This is expressed in general terms as:

{[D e t e r m i n i s t i c_{v a l u e}]}_{t l a g_{y}}^{t l a g_{y - n}} = {[(1 - p_{v a l u e})]}_{t l a g_{i}}^{t l a g_{i - n}} \cdot H S

(5)

where

(1 - p_{v a l u e})

is the dependence rate, HS is the historical value, y represents the considered year, and n is the number of years from the year used to calculate the series’ beginning.

The fact that this method is able to reproduce so accurately a single time series, after raw gauge stations data had passed through several stages (basic statistic study, generation of synthetic series through ARMA model and generation of BN model), makes the whole approach much more robust and reliable as well as validating the whole process.

Sensitivity analysis can be performed using two types of measures: entropy and Shannon’s measure of mutual information [50]. The entropy measure is based on the assumption that the uncertainty or randomness of a variable X, characterized by probability distribution P(x), can be represented by the entropy function H(X):

H (X) = - \sum_{x \notin X} P (x) l o g P (x)

(6)

Entropy of a probability distribution can be defined as a measure of the associated uncertainty to that random process that this distribution describes. Consequently, a score of the uncertainty/certainty level of events can be made attending to this entropy, H(X).

Reducing H(X) by collecting information, in addition to the current knowledge about the variable X, is interpreted as reducing the uncertainty about the true state of X [63]. The entropy measure therefore enables an assessment of the additional information required to specify a particular alternative. Shannon’s measure of mutual information is used to assess the effect of collecting information about one variable (Y) on reducing the total uncertainty about variable X, using:

I (Y . X) = H (Y) - H (Y ∣ X)

(7)

where

I (Y . X)

is the mutual information between variables. This measure reports the expected degree to which the joint probability of X and Y diverges from what it would be if X were independent of Y. If

I (Y . X) = 0

, X and Y are mutually independent [50].

H (Y ∣ X)

is conditional entropy which means the uncertainty that remains about Y, when X is known to be x.

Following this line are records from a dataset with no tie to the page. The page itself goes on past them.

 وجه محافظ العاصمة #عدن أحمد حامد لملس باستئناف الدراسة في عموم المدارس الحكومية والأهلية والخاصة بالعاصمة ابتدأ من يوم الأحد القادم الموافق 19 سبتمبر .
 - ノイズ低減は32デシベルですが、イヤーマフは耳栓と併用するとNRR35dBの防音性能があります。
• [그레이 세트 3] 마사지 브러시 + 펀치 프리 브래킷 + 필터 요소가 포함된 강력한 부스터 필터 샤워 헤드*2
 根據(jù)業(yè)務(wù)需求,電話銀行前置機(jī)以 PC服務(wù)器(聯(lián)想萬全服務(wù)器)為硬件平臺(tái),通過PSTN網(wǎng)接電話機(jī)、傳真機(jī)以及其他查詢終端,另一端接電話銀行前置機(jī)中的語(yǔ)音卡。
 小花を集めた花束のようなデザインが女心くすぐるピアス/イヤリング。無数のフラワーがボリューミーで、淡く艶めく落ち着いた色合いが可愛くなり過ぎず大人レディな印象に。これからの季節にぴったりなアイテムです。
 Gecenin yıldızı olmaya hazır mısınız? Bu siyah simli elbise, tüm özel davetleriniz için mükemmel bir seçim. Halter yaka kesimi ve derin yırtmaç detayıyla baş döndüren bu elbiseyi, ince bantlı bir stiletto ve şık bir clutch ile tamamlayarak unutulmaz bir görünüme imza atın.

This has been very useful in this research because the temporal dependence analysis, shown in Figure 7 (Section 3.2), has been satisfactorily compared with this analysis. The fact that two variables, that represent the annual runoff of two years, have a mutual information ≠ 0 shows that they are dependent [50]. On the contrary, in that case that the mutual information is 0, they are independent. This analysis represents another way for characterizing and quantifying the temporal dependence and behavior of a hydrological series.

An assessment of the entropy associated to each variable, the conditional entropy and mutual information for each variable and connection were developed for Adaja and Porma rivers using HUGIN expert software (Figure 9). This analysis reasonably agrees with the analysis and results interpretation developed in Section 3.2. Thus, Porma river presents around 13–14 years (time lag) where mutual information is not cero and consequently, variables are, to some extent, dependent. The fact that this time lag coincides with the dependence temporal analysis shown in Figure 7 is remarkable. For the Adaja river basin, this analysis also coincides with the previous analysis and the time lag of non-null mutual information is around 9 years. It is important to make clear that, given the extremely low values of the mutual information for the Adaja river basin, this result does not invalidate the conclusion about its independent nature.

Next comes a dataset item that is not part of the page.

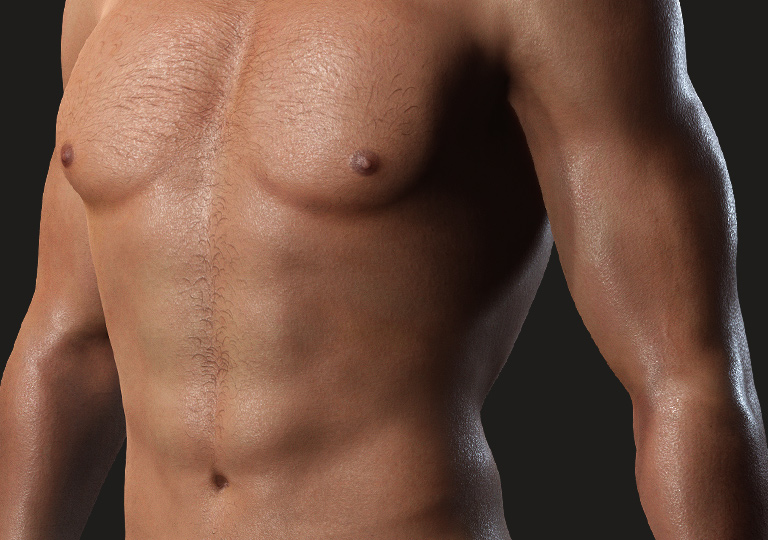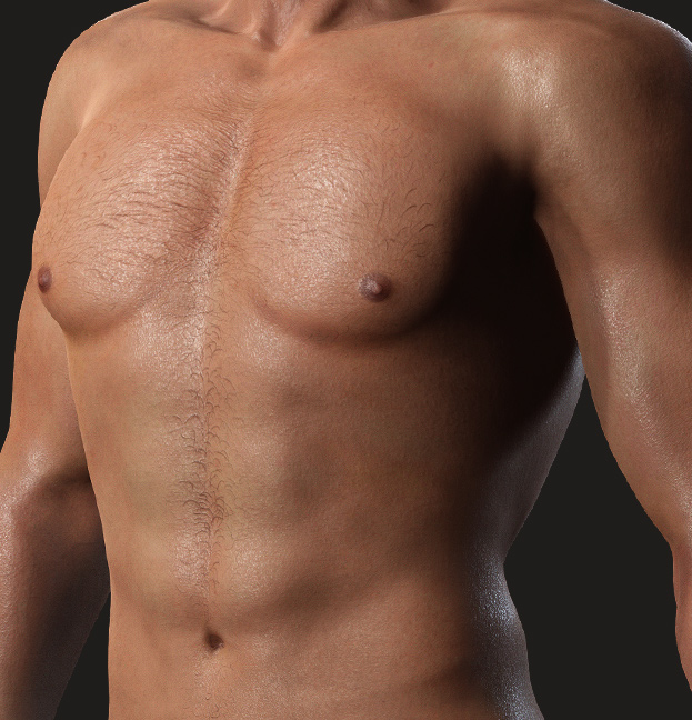 The Body Hair Plus, unlike Body Hair, has three layers, with each one supporting a alpha pattern, a range map for the hair, and a range map for the pores to achieve a shaved look.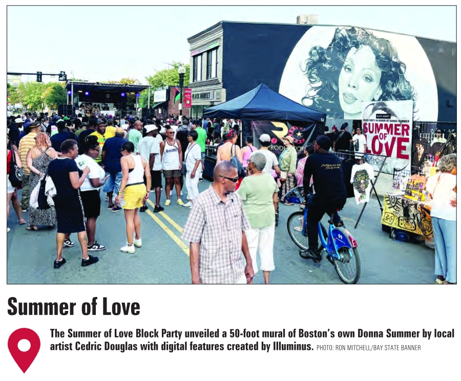 The Summer of Love Block Party unveiled a 50-foot mural of Boston’s own Donna Summer by local artist Cedric Douglas with digital features created by Illuminus. PHOTO: RON MITCHELL/BAY STATE BANNER

A sensitivity analysis of this BN is made by means of the assessment of Total Entropy, which, in turn, is the summation of Mutual Information and Conditional Entropy (Figure 9). If two variables that represent the annual runoff of two years have a mutual information = 0, they are independent. In other words, they are not temporally connected. On the contrary, if the mutual information is ≠ 0, this means that they are dependent. In Figure 9, blue bars represent the value for Total Entropy, orange bars represent the value for Conditional Entropy and green bars represent the value for Mutual Information. Notice that those time steps that are independent have the same value for Total Entropy and Conditional Entropy, and the value for Mutual information is cero. On the other hand, when there is some dependence between time steps, there is a non-null value for mutual information.

4. Discussion and Conclusions

Causality and conditional probability has been demonstrated in this research to be very useful in the analysis of the temporal behavior of runoff series. According to the new tendencies on hydrological research, BNs can be hybridized or coupled with traditional techniques, providing the engineer and scientist with robust and powerful tools. Due to the aforementioned BNs’ properties, this technique can be categorized within the Artificial Intelligent discipline.

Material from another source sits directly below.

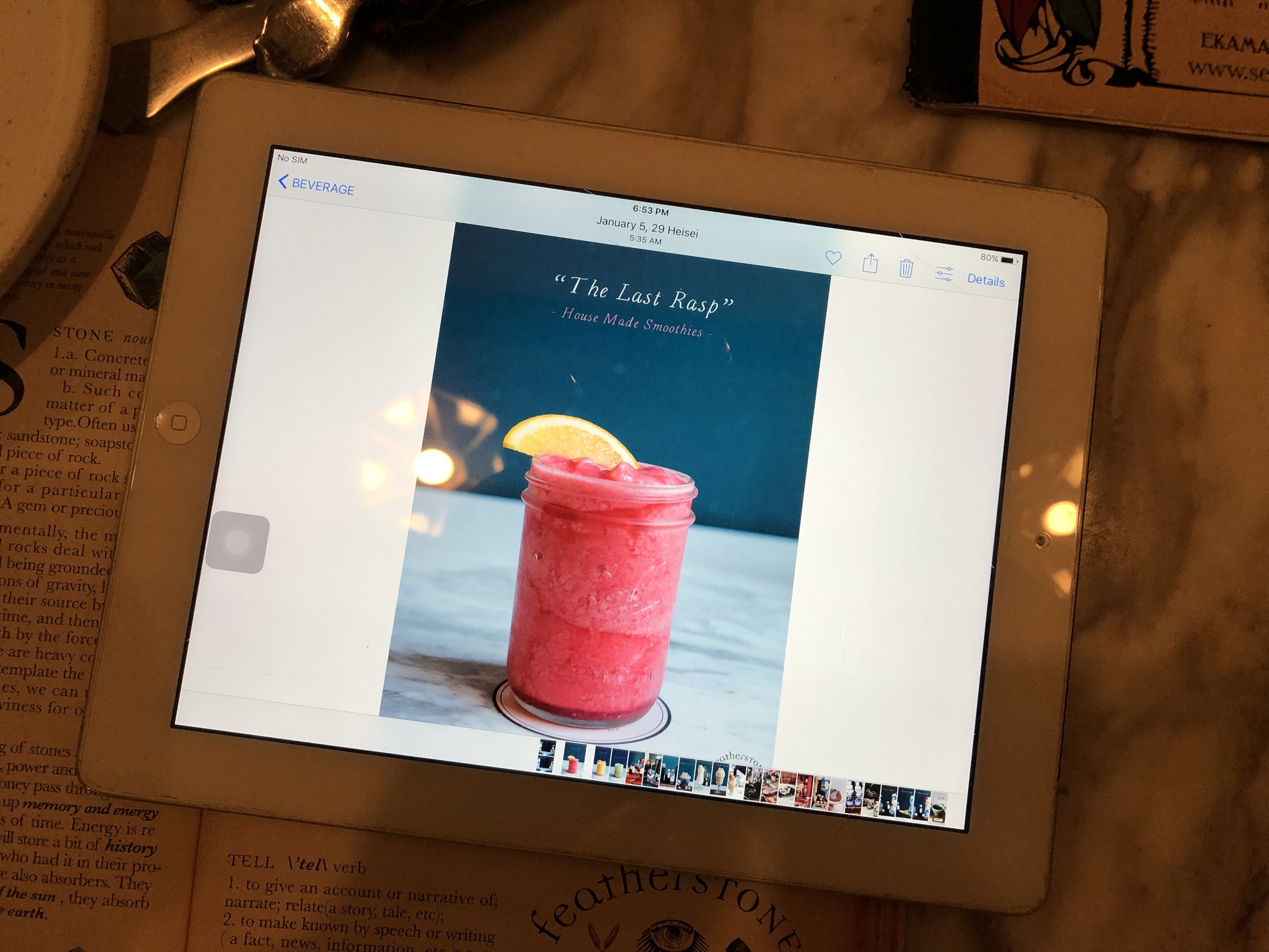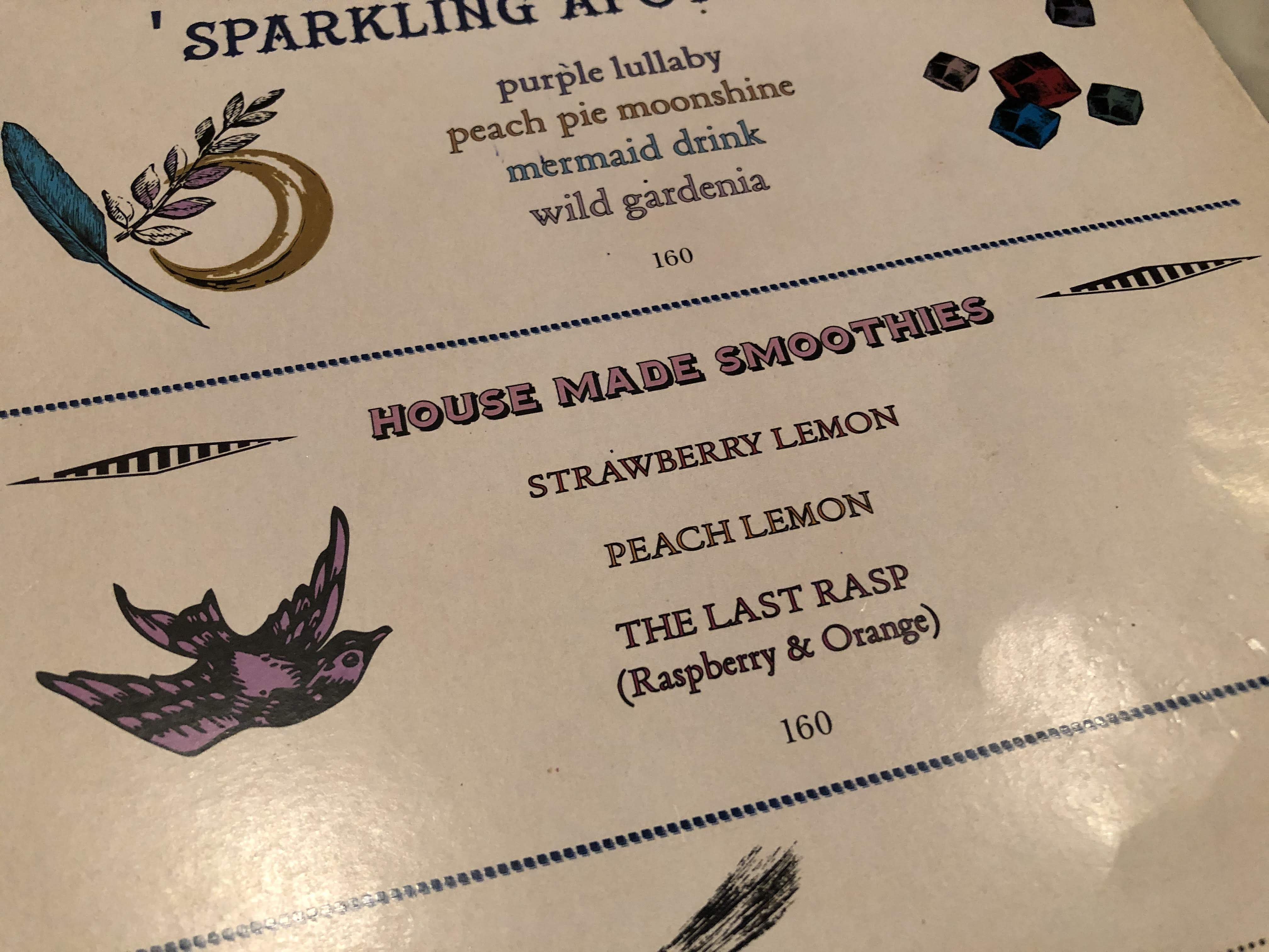 주문은 아이패드 메뉴판과 종이 메뉴판으로 할 수 있다. 사진으로 바로 볼 수 있어서 아이패드가 편했다. 커피를 마시면 속이 안 좋아져서 하우스메이드(!) 라즈베리 스무디를 시켰다.

Traditional techniques such as a correlogram, PM and NP models have been extensively used over the last decades. The application of BNs for hydrological temporal analysis has been demonstrated to be suitable due to the following reasons. First, the inherent uncertainty/randomness of hydrological processes is well captured and assessed by this technique, because apart from the definition of probability distributions with their basic statistics, several tests (Entropy, Mutual Information, Conditional Entropy, p-value,

1 - p_{v a l u e}

), belonging to Information Theory, can be applied; second, the dynamic nature of temporal analysis is properly incorporated because of the flexibility and modularity of BNs; and finally, recent observed increasing variability in hydrological patterns could be much more properly analyzed and incorporated through BNs because the real knowledge increases.

Furthermore, another advantage is the fact that BNs’ application does not require that the relationships between model variables are defined mathematically before establishing the analysis. BNs, through Bayesian observational inference via the Bayesian theorem, calculate prior and posterior probability functions. This advantage ensures that the performance working with non-stationary hydrological time series is much more accurate.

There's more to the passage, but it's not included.